Nossa área de atuação abrangia a Ventania, zona que para penetrá-la em seu miolo, tínhamos que passar em frente ao comércio de Joaquim Lapa, conhecido comerciante e cacauicultor português.
Certa feita, programada visita, eu e o Jones – motô novato do Escritório; o outro era o Hermes – rumamos para lá. O jeep Willians capota de aço subia firme a suave ladeira de cascalho de repente uma robusta galinha no caminho, vapt, estatelava-se e jazia junto ao pneu traseiro do carona.
Com o carro parado no meio da pista, num passo de mágica, olhamos um para o outro, depois os sentidos na avenida de casas onde negociava o português, e, não havendo um pé de pessoa, em segundos eu abri a porta do veículo e, rapidinho como se rouba, socorri a vítima.

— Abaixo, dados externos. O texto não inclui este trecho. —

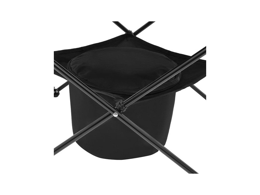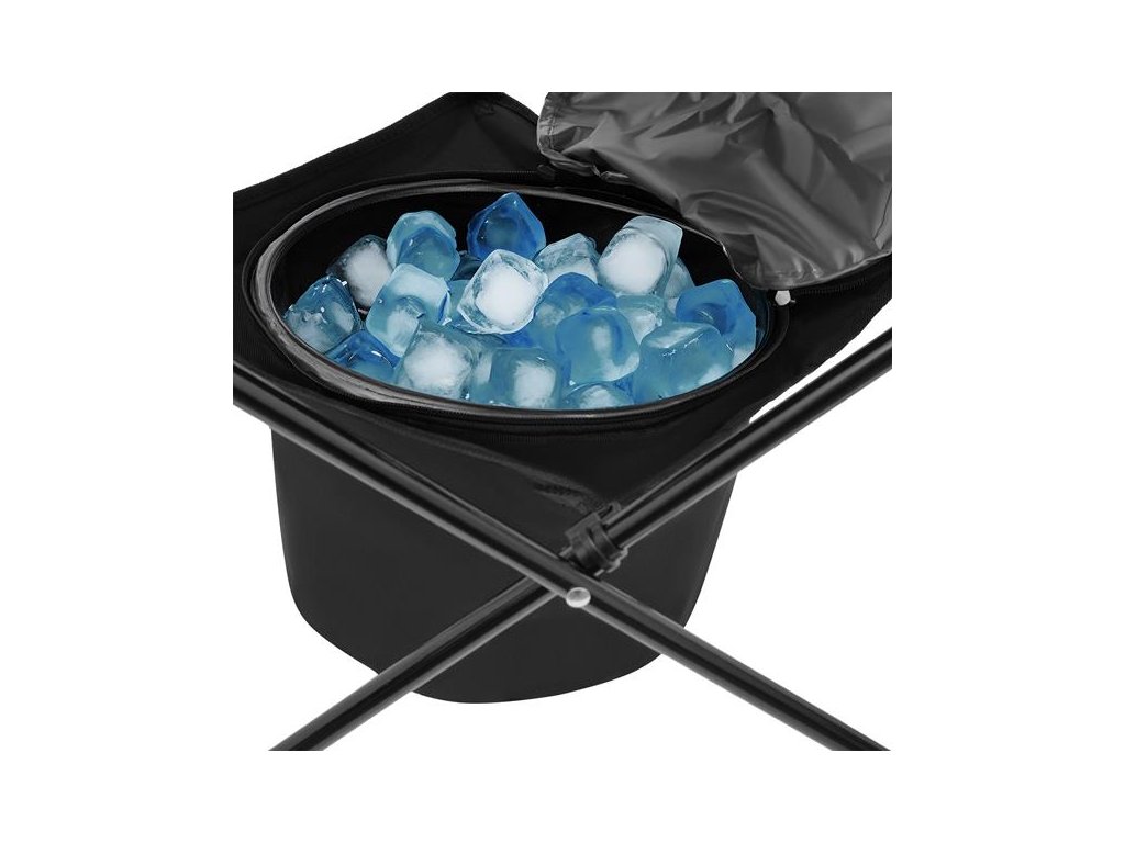 Pod odkládací plochou stolku se nachází uzavíratelný prostor s funkcí chladicí tašky – ideální pro uchovávání nápojů a občerstvení při správné teplotě i v horkých dnech. To je skvělá pomůcka pro delší pobyt daleko od ledničky. Navíc byla plocha stolku vybavena hned čtyřmi košíky na kelímky nebo lahve, což výrazně zvyšuje pohodlí při jídle a relaxaci.

Um pouco assustados com o ocorrido, mas conscientes da impossibilidade de evitar o acidente, seguimos viagem.
Fim de percurso, serviços prestados, convicção de não flagrante, e o crepúsculo vespertino a descer, retornamos. No trajeto, como anteriormente havíamos combinado não procurar o dono da falecida, Jones então:
– Como é bicho, qual o lugar do velório?
– Isso aí é com você; o que der a gente racha – respondi.
Chegamos a Itapebi escurecendo e visando uma preliminar à vigília, saltei para tomar “uma” no Bar de Velho, bar que do alto de sua estrutura palafítica, descortinava uma bela visão do Jequitinhonha. O Jones seguira para providenciar o funeral da penosa e guardar o veículo, ao retornar, irreverente, foi logo:
– Diga aí Velho, bota uma da boa e caprichada pra mim, aliás, uma caprichada, uma loura bem suada e um copo. – e continuando – Você também está convidado para comer a Ângela Maria, e vai ser aqui mesmo em seu recinto.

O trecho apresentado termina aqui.